Records supplied Block Start
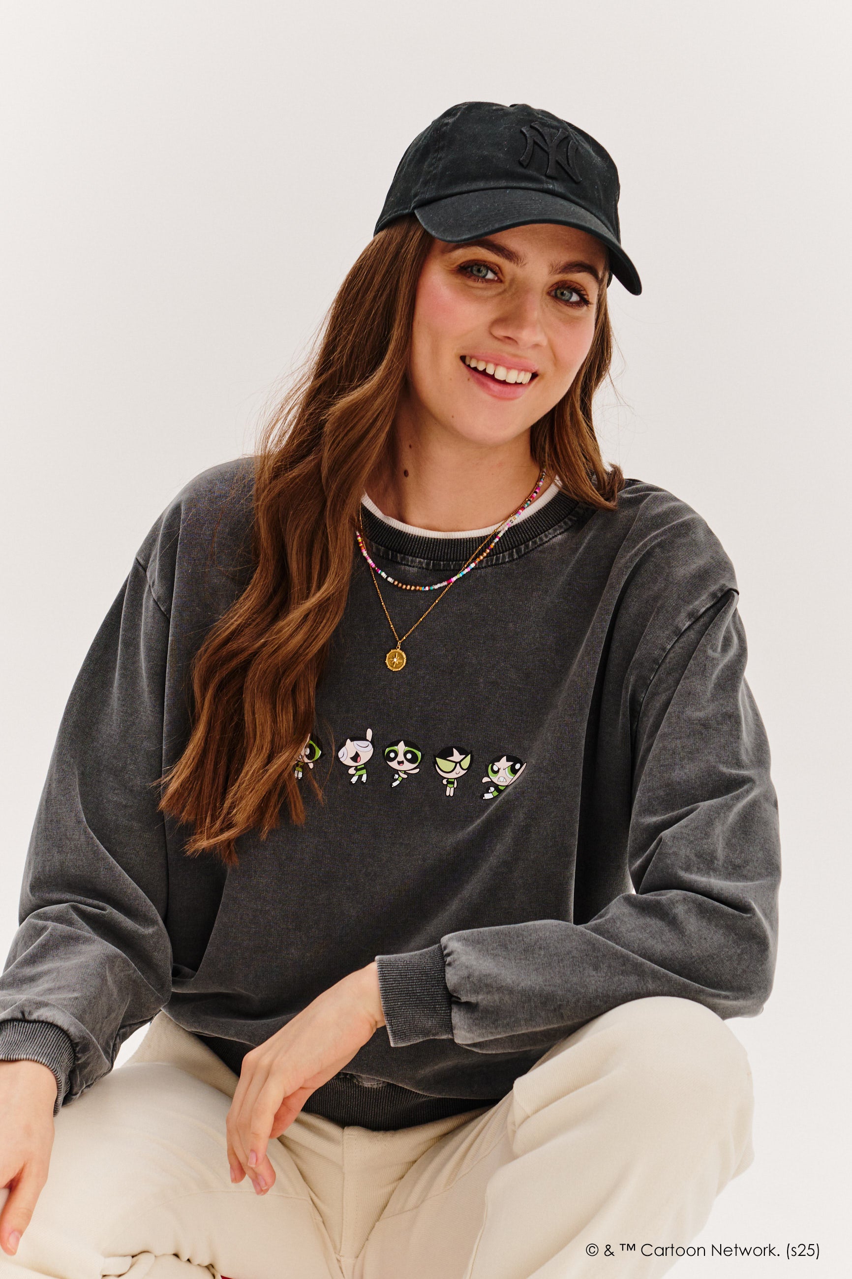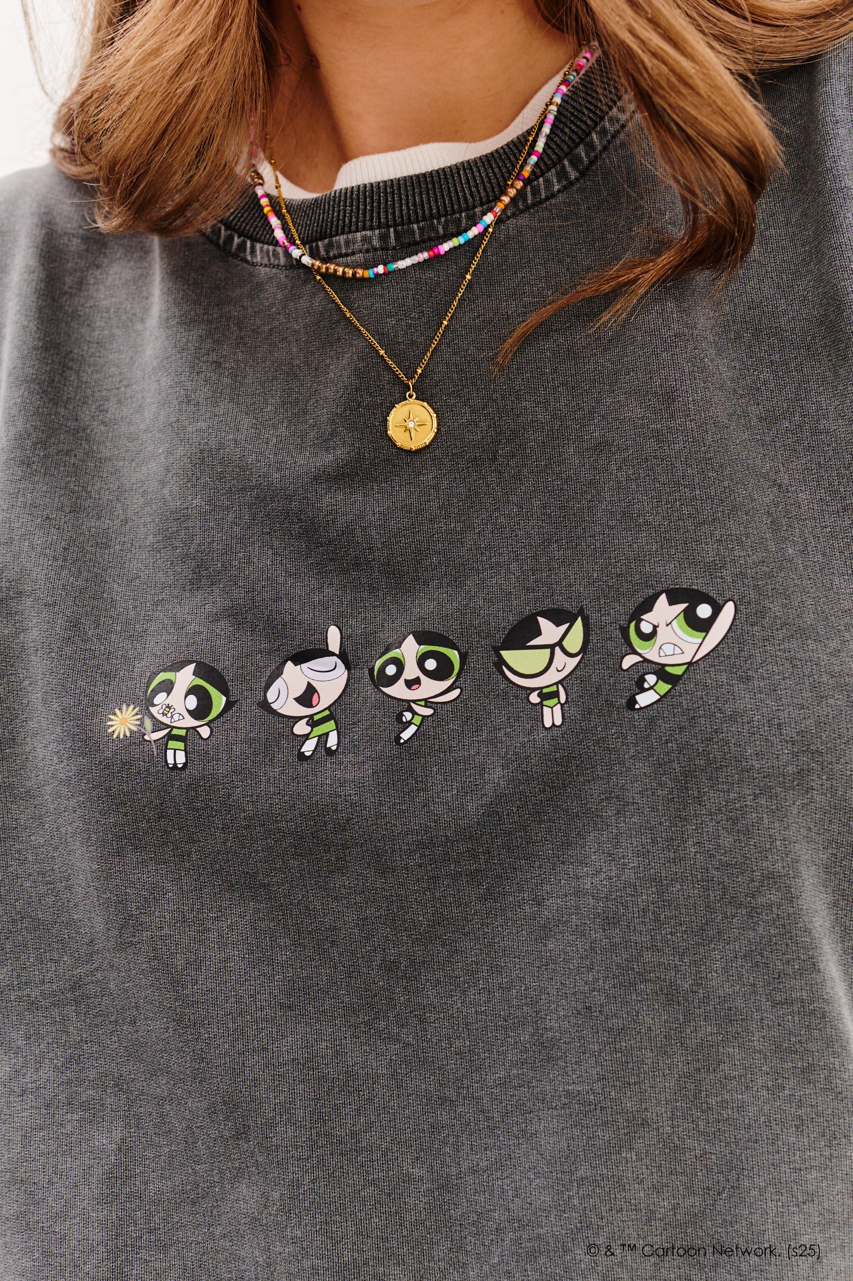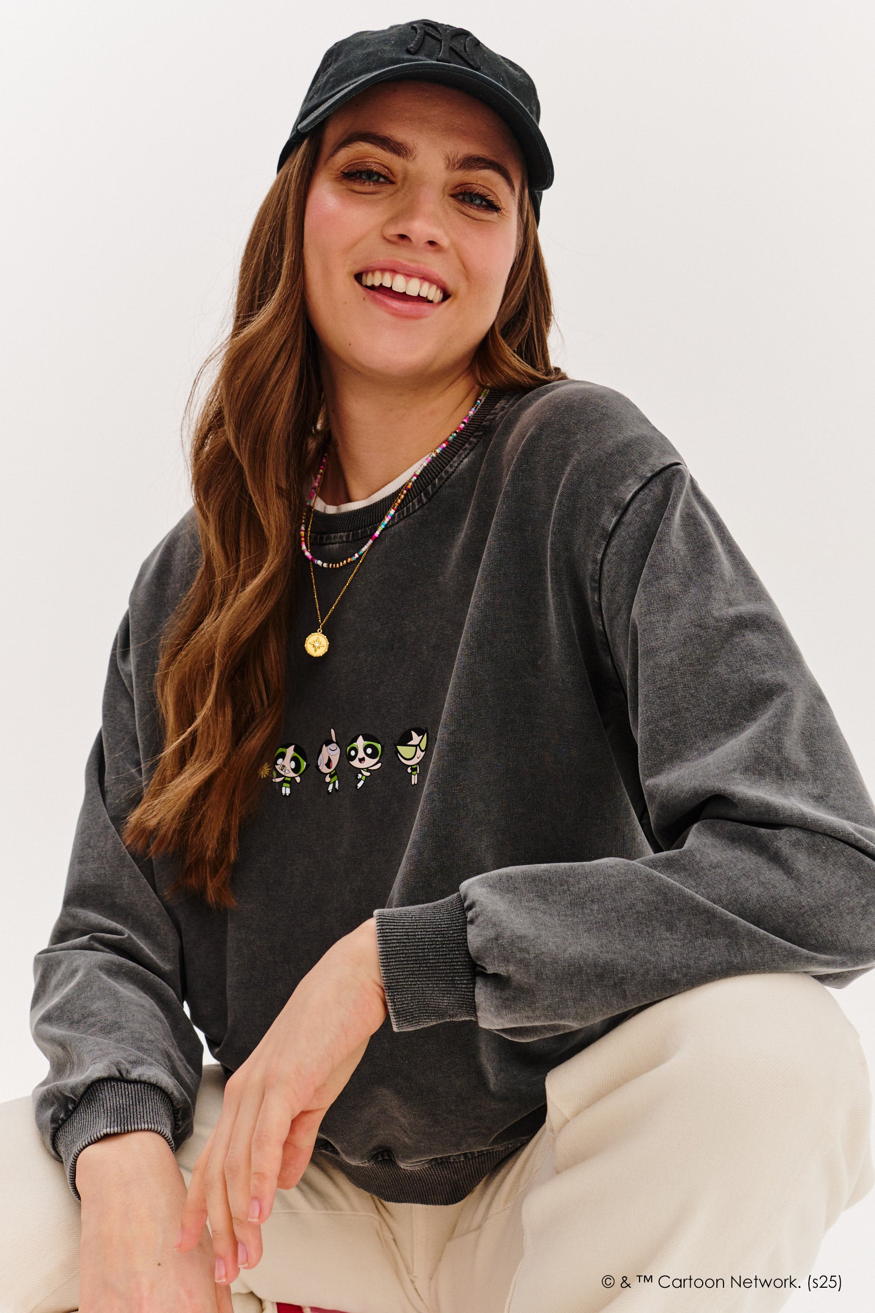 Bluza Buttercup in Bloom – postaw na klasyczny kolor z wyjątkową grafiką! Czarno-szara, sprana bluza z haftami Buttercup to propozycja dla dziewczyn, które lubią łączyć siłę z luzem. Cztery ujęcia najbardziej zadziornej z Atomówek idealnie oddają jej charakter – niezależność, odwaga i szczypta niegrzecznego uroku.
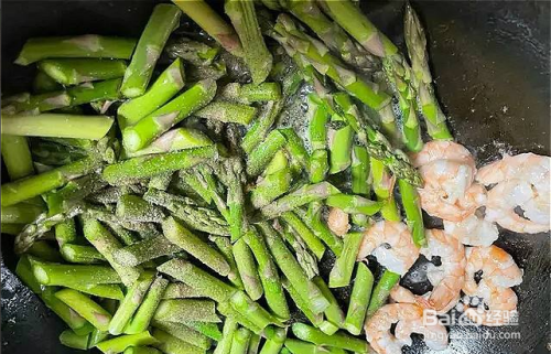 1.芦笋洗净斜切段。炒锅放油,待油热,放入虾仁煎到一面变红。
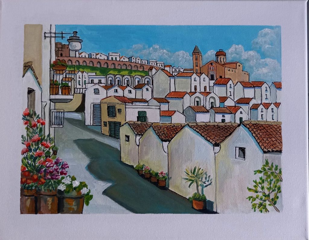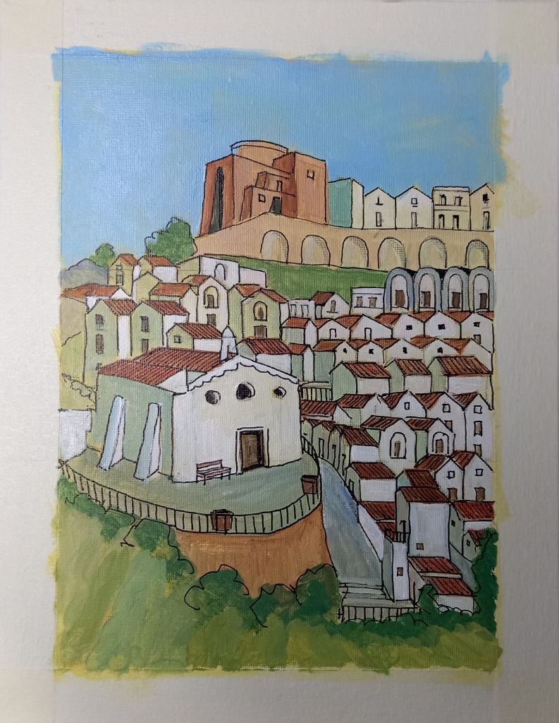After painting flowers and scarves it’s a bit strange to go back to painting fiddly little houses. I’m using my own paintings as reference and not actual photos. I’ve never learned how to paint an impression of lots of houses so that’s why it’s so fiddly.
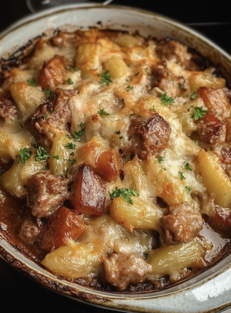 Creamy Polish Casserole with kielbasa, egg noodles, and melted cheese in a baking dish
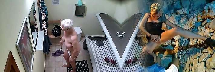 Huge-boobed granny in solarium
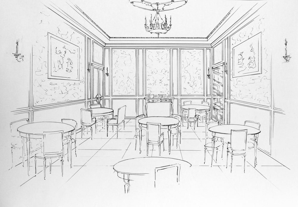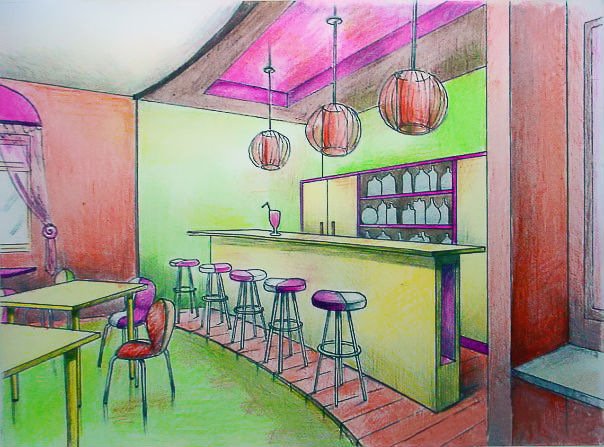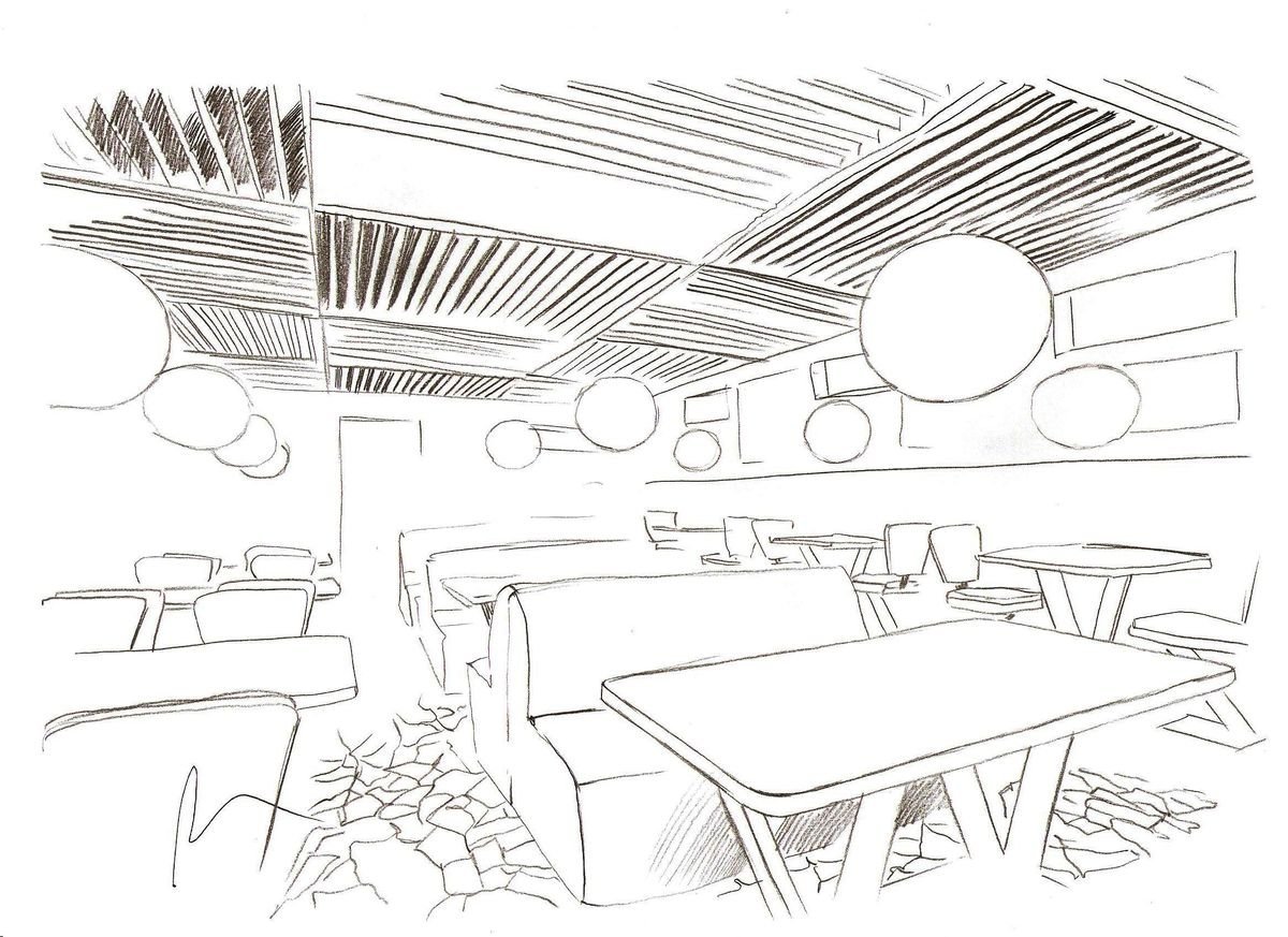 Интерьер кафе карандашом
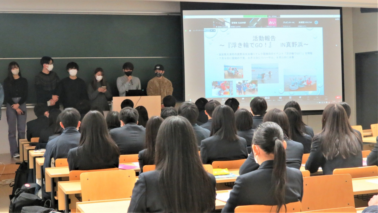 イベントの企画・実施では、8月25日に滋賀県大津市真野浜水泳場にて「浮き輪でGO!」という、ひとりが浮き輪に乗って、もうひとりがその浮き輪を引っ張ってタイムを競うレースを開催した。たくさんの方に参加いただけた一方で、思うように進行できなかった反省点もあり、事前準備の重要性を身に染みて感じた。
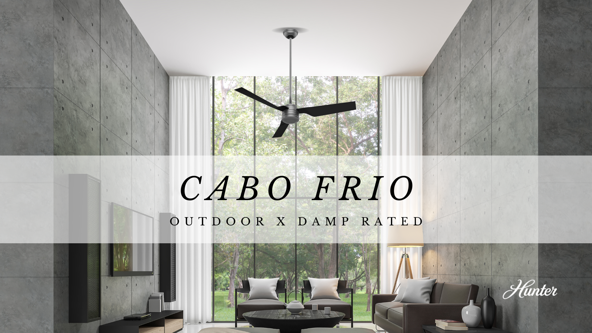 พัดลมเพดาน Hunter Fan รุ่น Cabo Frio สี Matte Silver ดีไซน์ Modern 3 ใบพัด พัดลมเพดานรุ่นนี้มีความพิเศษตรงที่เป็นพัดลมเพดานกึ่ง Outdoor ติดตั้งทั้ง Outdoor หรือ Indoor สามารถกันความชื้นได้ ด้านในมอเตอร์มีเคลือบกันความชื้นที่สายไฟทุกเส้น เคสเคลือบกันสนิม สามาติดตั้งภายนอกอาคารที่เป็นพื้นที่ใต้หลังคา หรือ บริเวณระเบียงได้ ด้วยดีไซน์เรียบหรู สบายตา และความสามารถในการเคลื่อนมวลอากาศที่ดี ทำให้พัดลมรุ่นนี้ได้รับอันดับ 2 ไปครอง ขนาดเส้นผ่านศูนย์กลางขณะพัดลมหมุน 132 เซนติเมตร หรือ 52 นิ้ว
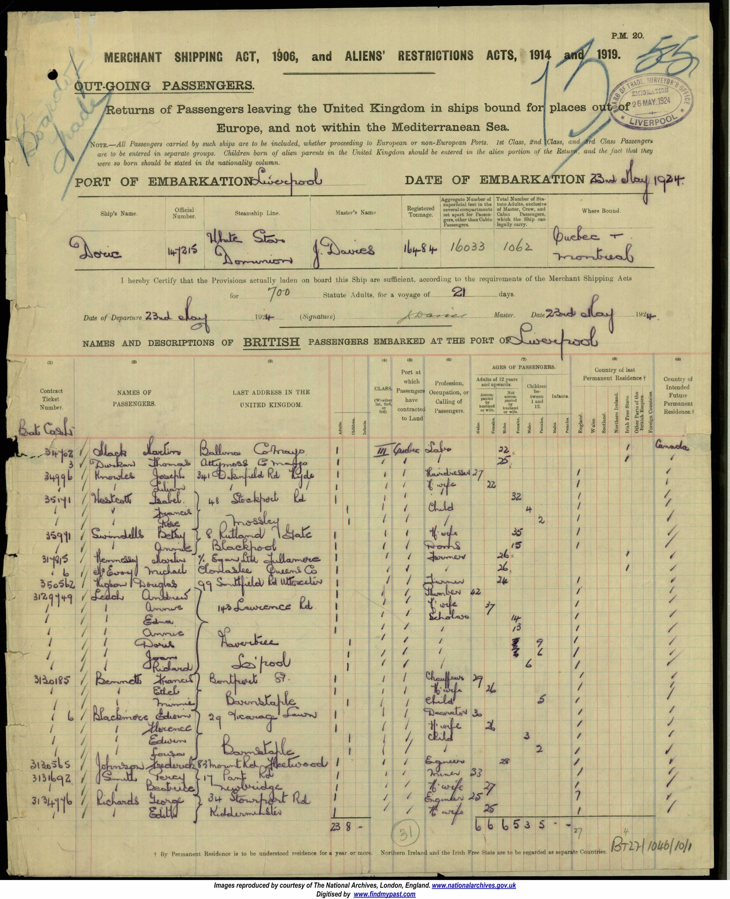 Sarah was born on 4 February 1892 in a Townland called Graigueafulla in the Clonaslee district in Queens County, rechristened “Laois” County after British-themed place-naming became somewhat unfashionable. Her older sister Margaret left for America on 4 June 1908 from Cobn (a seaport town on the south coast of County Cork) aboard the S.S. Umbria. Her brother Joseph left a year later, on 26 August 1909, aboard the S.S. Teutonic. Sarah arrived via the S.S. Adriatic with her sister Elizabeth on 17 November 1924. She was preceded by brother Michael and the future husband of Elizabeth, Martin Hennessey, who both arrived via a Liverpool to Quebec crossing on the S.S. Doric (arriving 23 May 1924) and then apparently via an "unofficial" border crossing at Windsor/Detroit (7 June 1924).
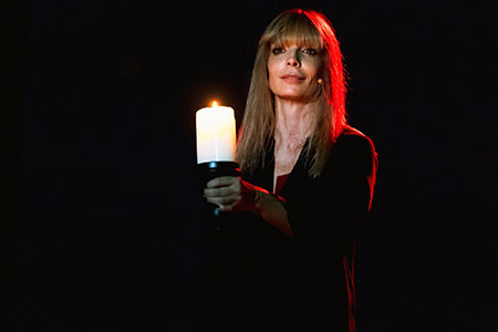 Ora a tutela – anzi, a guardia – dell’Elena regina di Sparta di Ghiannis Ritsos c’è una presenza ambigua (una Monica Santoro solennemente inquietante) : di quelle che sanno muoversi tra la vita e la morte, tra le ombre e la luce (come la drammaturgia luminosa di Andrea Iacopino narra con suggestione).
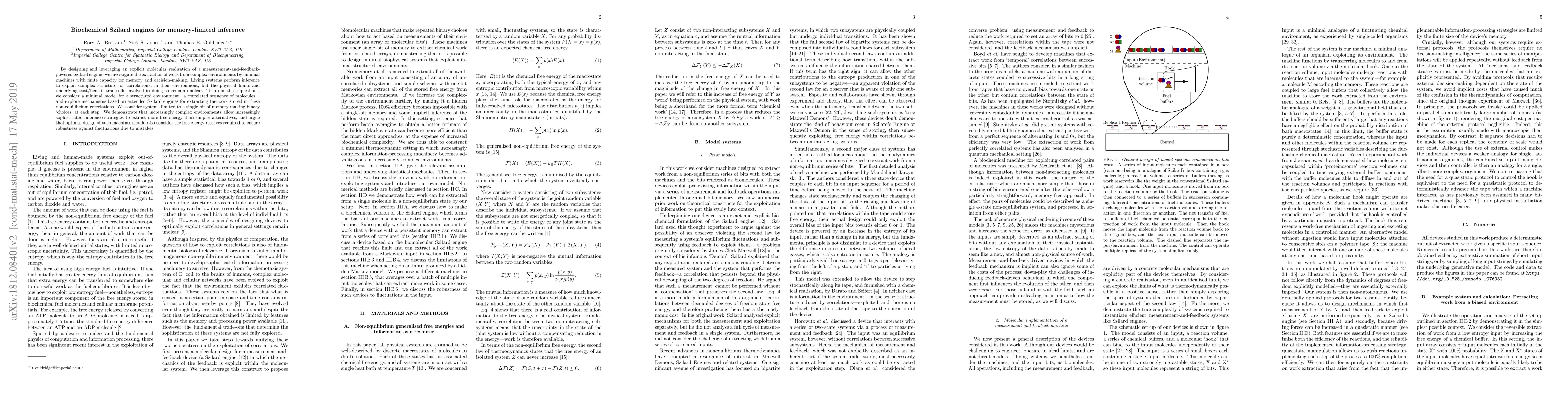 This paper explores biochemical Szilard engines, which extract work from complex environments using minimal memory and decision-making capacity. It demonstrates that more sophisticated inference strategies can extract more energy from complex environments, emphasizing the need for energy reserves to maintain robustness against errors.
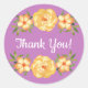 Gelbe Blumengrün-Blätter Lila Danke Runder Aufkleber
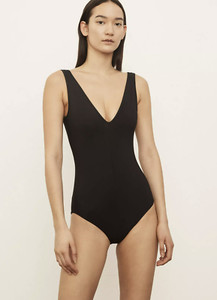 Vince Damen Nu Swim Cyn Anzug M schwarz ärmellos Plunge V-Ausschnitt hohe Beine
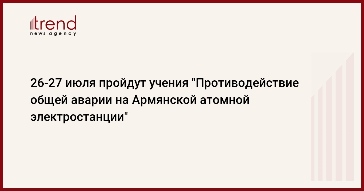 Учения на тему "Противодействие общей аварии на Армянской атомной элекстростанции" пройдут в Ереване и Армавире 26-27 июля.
Records supplied Block End
▶ **Directions**:
What you need to produce is an exact copy of the entries above, limited to the lines from the one with "พัดลมเพดาน Hunter Fan" up to and including the one with "Sarah was born", without pictures.

▶ **Answer below**:
 พัดลมเพดาน Hunter Fan รุ่น Cabo Frio สี Matte Silver ดีไซน์ Modern 3 ใบพัด พัดลมเพดานรุ่นนี้มีความพิเศษตรงที่เป็นพัดลมเพดานกึ่ง Outdoor ติดตั้งทั้ง Outdoor หรือ Indoor สามารถกันความชื้นได้ ด้านในมอเตอร์มีเคลือบกันความชื้นที่สายไฟทุกเส้น เคสเคลือบกันสนิม สามาติดตั้งภายนอกอาคารที่เป็นพื้นที่ใต้หลังคา หรือ บริเวณระเบียงได้ ด้วยดีไซน์เรียบหรู สบายตา และความสามารถในการเคลื่อนมวลอากาศที่ดี ทำให้พัดลมรุ่นนี้ได้รับอันดับ 2 ไปครอง ขนาดเส้นผ่านศูนย์กลางขณะพัดลมหมุน 132 เซนติเมตร หรือ 52 นิ้ว
 Sarah was born on 4 February 1892 in a Townland called Graigueafulla in the Clonaslee district in Queens County, rechristened “Laois” County after British-themed place-naming became somewhat unfashionable. Her older sister Margaret left for America on 4 June 1908 from Cobn (a seaport town on the south coast of County Cork) aboard the S.S. Umbria. Her brother Joseph left a year later, on 26 August 1909, aboard the S.S. Teutonic. Sarah arrived via the S.S. Adriatic with her sister Elizabeth on 17 November 1924. She was preceded by brother Michael and the future husband of Elizabeth, Martin Hennessey, who both arrived via a Liverpool to Quebec crossing on the S.S. Doric (arriving 23 May 1924) and then apparently via an "unofficial" border crossing at Windsor/Detroit (7 June 1924).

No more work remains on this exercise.